Work order:
Everything from the line with "- Vince micro-stripe" down to the line with "Një përleshje shokuese" below must be printed exactly, those two lines included. Exclude pictures.

Records for processing:
○ ○ ○ ○

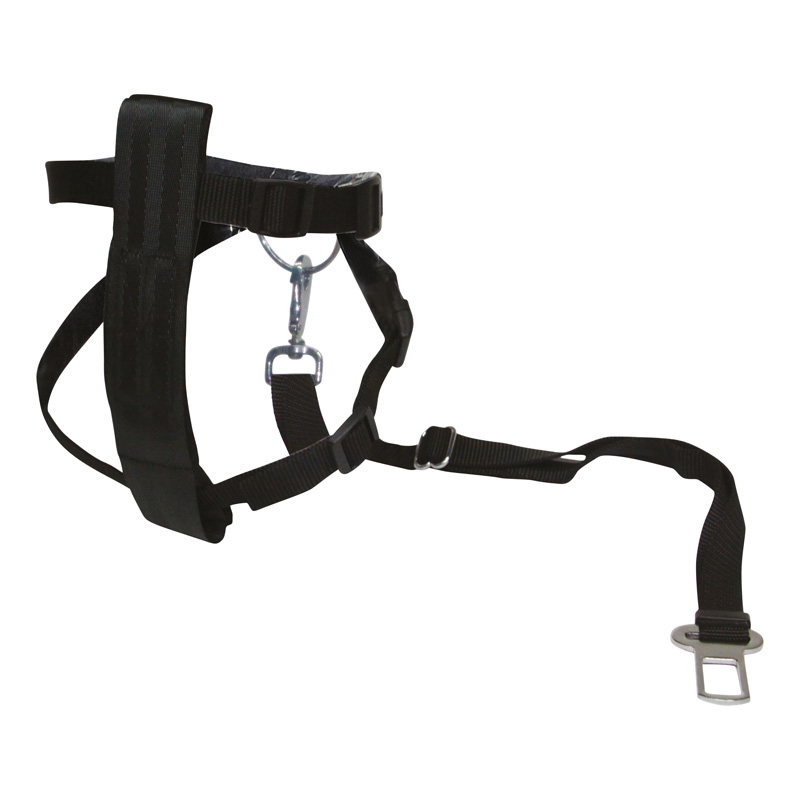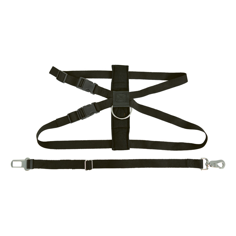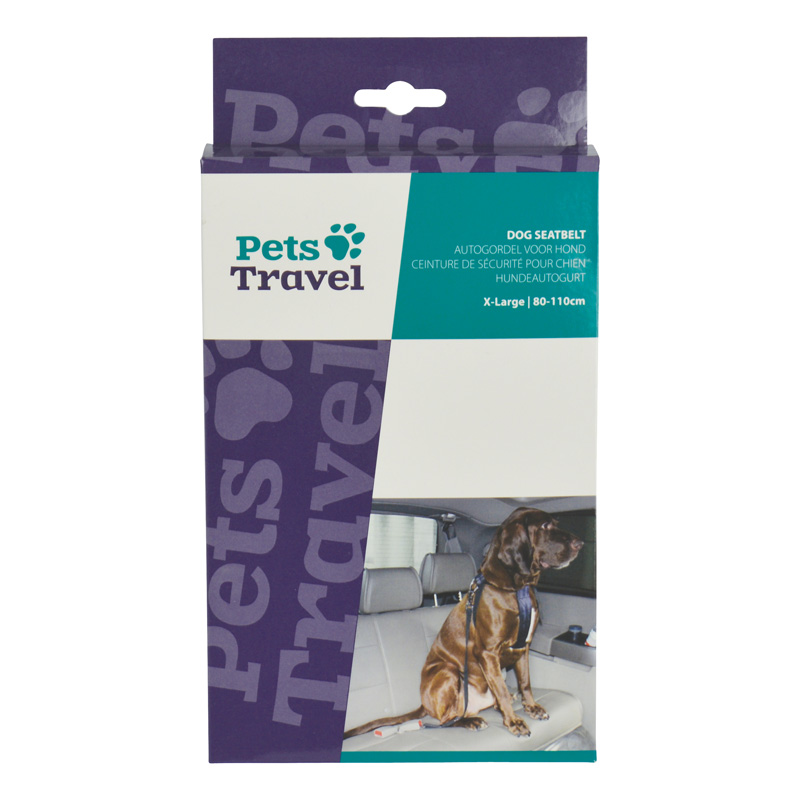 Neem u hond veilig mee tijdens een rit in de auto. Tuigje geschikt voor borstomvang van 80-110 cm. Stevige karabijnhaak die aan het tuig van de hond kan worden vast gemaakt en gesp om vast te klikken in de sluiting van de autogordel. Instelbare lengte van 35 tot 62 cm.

○ ○ ○ ○

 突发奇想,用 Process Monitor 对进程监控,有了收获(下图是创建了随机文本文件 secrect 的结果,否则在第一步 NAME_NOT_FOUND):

○ ○ ○ ○

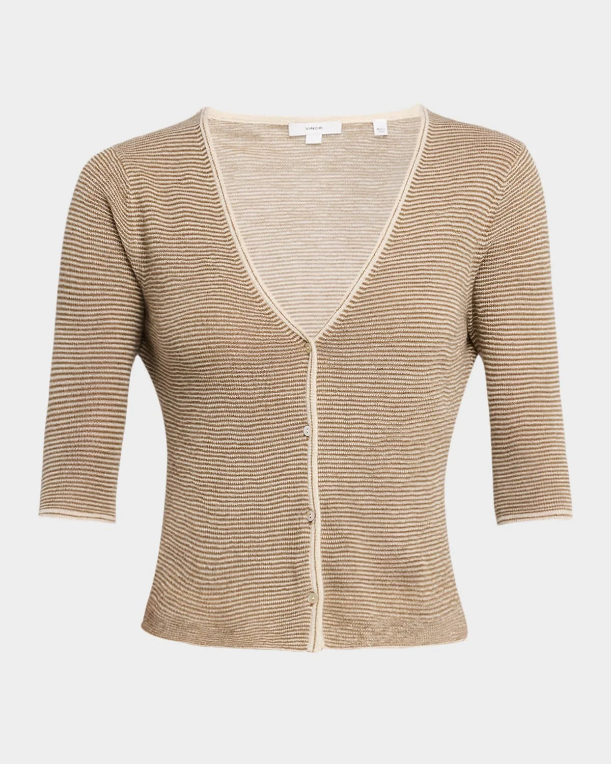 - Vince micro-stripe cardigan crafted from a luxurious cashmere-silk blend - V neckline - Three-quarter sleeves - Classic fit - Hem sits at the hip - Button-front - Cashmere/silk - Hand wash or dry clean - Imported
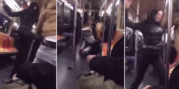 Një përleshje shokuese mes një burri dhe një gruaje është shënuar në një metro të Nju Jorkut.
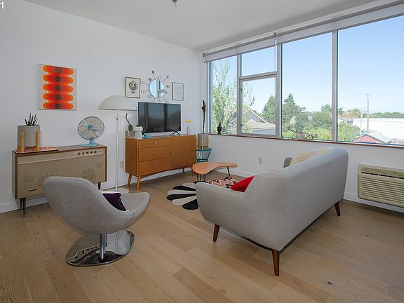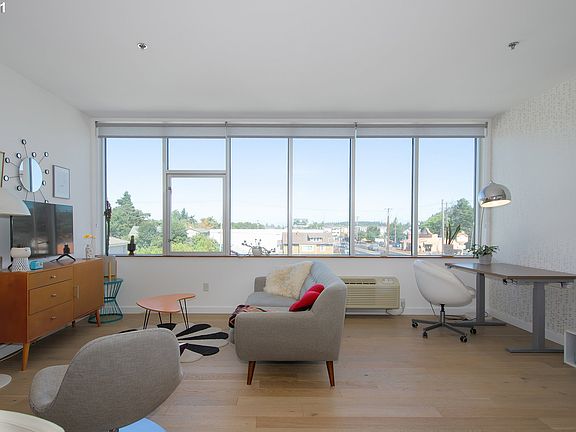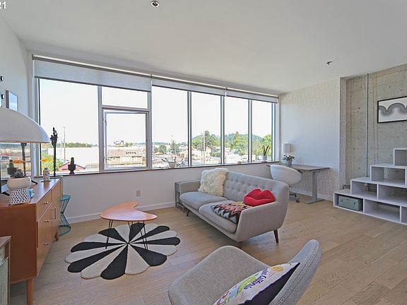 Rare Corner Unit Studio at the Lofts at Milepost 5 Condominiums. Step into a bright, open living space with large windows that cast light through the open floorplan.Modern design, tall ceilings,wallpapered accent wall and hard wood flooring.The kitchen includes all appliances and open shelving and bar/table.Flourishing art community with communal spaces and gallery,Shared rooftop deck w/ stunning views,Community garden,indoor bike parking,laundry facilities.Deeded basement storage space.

○ ○ ○ ○

Result for this task:
 - Vince micro-stripe cardigan crafted from a luxurious cashmere-silk blend - V neckline - Three-quarter sleeves - Classic fit - Hem sits at the hip - Button-front - Cashmere/silk - Hand wash or dry clean - Imported
 Një përleshje shokuese mes një burri dhe një gruaje është shënuar në një metro të Nju Jorkut.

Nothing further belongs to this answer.